Pitt trailed, 28-10, at halftime, but Pickett threw only four passes in the second half, completing one. The Panthers leaned on their running game, which has produced two 1,000-yard rushers – seniors Qadree Ollison and Darrin Hall – for the first time in school history.
“I would give all 1,000 back just to win this game,” said Hall, who went over the top with 86 against Clemson.
But running was not the way to catch up against Clemson, which kept up the pressure by running for 301 (156 and two touchdowns by Etienne, the ACC player of the year).
“The front four, they got at least three (NFL draft) first rounders, maybe four,” Narduzzi said of Clemson, who recorded two sacks and three hurries. “We didn’t execute. Kenny missed a couple shots, too. There were some guys open we didn’t hit. It’s not easy. Quarterbacks is probably the hardest position to play.”
Then, there was the curious case of Narduzzi not settling for a 21-10 halftime deficit. He had Pickett throwing the ball from the Pitt 31 on third-and-10 with less than a minute left in the half — even knowing Pitt was due to receive the opening kickoff of the second half.
Clemson cornerback A.J. Terrell intercepted – it was Pickett’s first pick since Oct. 6 – and returned the football to the 10-yard line. One play later, freshman quarterback Trevor Lawrence hit Tee Higgins for a touchdown, the pair’s second scoring connection within five minutes of the second quarter.

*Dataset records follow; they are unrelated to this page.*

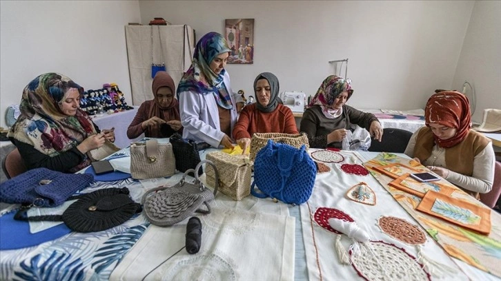 Halk Eğitim Merkezinden usta öğreticilerden destek alan 73 kadın, kanaviçe, örgü bebek ile iplikten çanta gibi hediyelik eşya üretiyor.
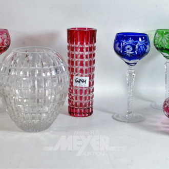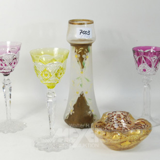 5 Teile Glas u. Kristall: 3 farbige
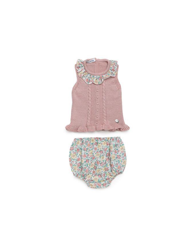 Conjunto para bebé niña de la marca Juliana Vistiendo bebés, perteneciente a la colección de primavera verano. El diseño destaca por su estilo clasico con detralles románticos. La pieza superior un jersey de puto sin mangas confeccionado en hilo. Presenta un cuello de volante de tela estampado floral y un remate de volantes en el bajo. La pieza inferior es una braguita o bombacho fabricada en tela con el mismo estampado de flores que el cuello.
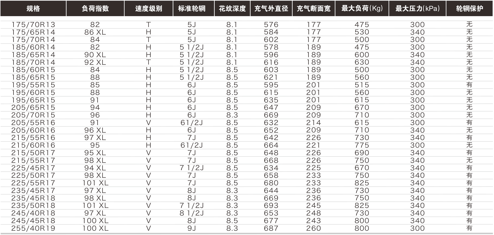 三條縱向排水溝有效防止輪胎雪地天氣側向打滑。
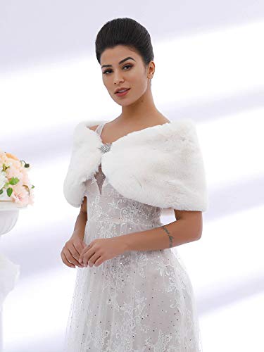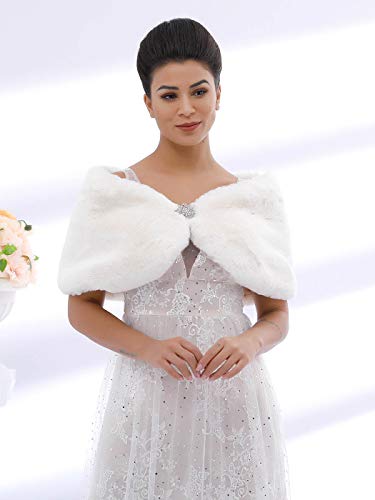 Aukmla Wedding Party Fur Wraps and Shawls Bridal Stole Sleeveless Faux Fur Shawl with Stunning Rhinestones Crystal Brooch
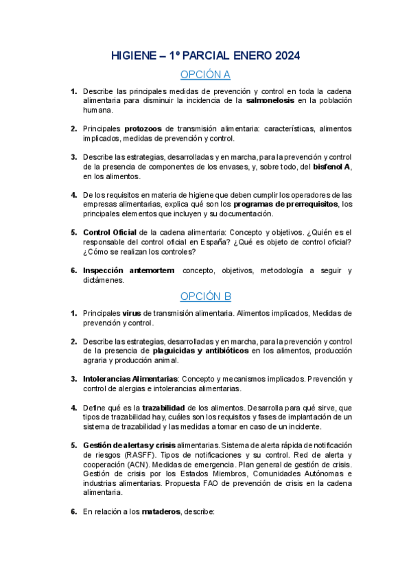 He publicado nuevos apuntes de 4º Higiene, Inspección y Seguridad Alimentaria: EXÁMENES 2024
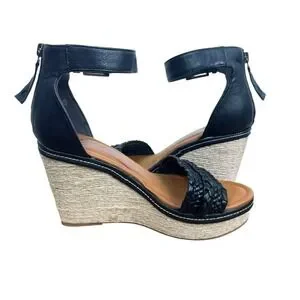 Zodiac Women's Sabeen Wedge Espadrille Sandal Woven Black Ankle Strap Size 8

Narduzzi steadfastly defended his aggressive play-calling.
“If you just want to play not to lose bad, that’s fine,” he said. “We’re playing to win. We can take a knee if you want to and then get booed. Pick your poison.
“We want our guys to go out and compete and that’s the only way you’re going to learn.”
Pitt has one more shot at redemption. It will receive a bowl invitation Sunday, and a victory there would give the Panthers three eight-victory seasons in Narduzzi’s four years. It’s also the last chance for Pitt’s 19 seniors to end the season the right way.
“This group of guys, we’ve been here for five years,” safety Dennis Briggs said. “This is a culmination of all the work we’ve been through and it hurts.
“We’re going through the emotions of losing and we have to get over that because we have another game to go. We have to finish this journey we started.”
Briggs and his teammates must ensure the pain of the loss will not linger.
“This is a tough score to look at,” he said.